Some of what I've read leads me to believe that with my light setup (1.7 wpg) that I wouldn't be able to take advantage of all the nutrients in Eco-Complete anyways, so using a less nutrient-rich alternative wouldn't have much of an impact on my plants. For the most part I'm just looking for something that provides more nutrients than gravel, while making my tank look more professional and holding my groundcover plants.


----------



## Guest (Jul 6, 2008)

welchrock said:


> Kristin - other than creating a lot of work and mess for myself, would using pond dirt present me with any problems?
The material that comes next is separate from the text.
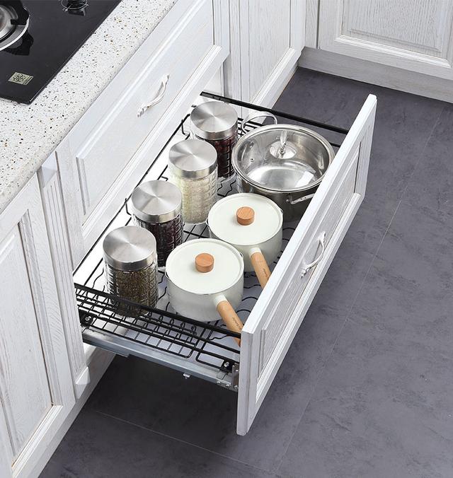 买一个拉篮最实用了,一种放碗一种放锅的,但是不要连在门板上时间长了门就变型了,切记切记...
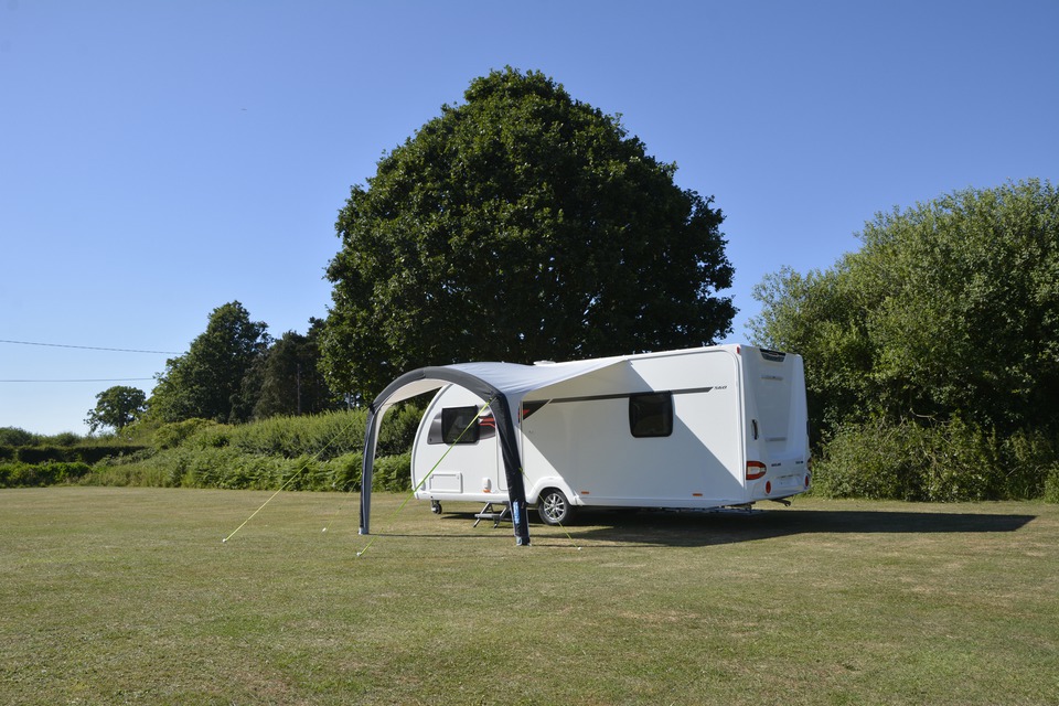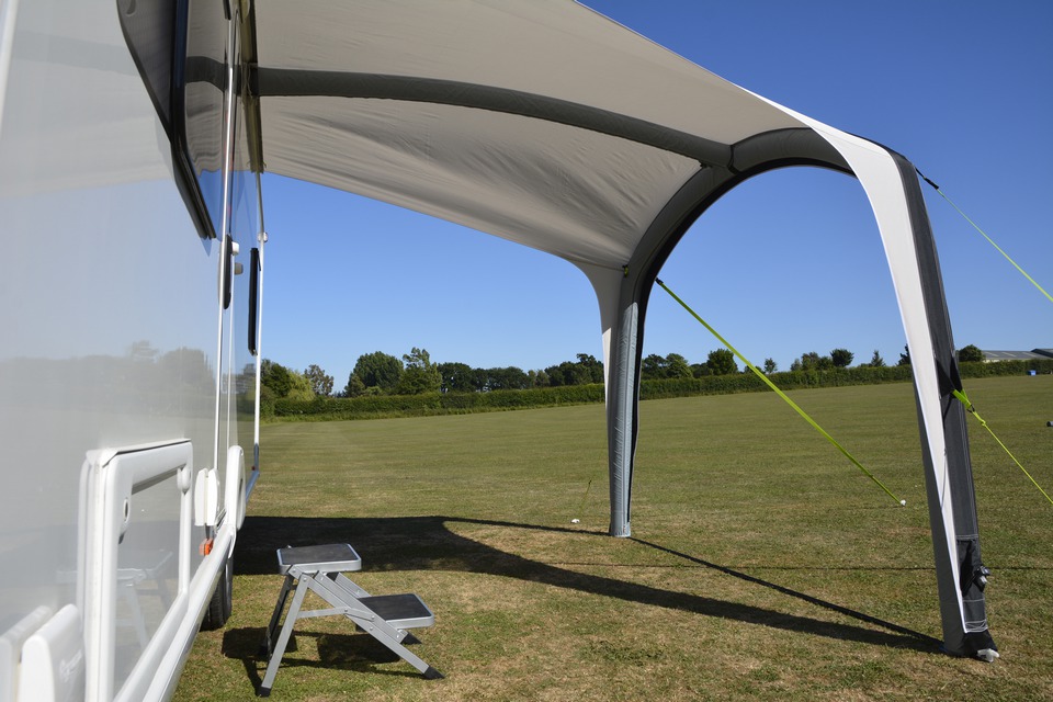 Sunshades are notorious for catching the wind and, in the worst case scenario, metal frames can damage the caravan. There’s no such problems with the Kampa Dometic Sunshine – the soft poles inflate in seconds and will never damage the caravan. After the quick set-up, the sunshade gives a generous sheltered area in which to relax.

As Kristin said, if you don't clean the dirt well enough before putting it in your tank, there is a chance that you could be adding some organisms that could have negative affects on your tank. Like she said, if you boil it you shouldn't have a problem with that.


----------



## welchrock (Jan 4, 2008)

With a decent direction thanks to everyone here, I think I'm gonna take a stab at saving myself $90 and digging around in a local pond this weekend! 

If this goes fairly well, I'll likely supplement with some Eco-Complete down the road.


----------



## Good Wolf (Mar 5, 2008)

You can get the pool filter sand dirt cheap at Home Depot or Loews. Pun intended. 

That way you don't have to worry about any foreign stuff in it.


----------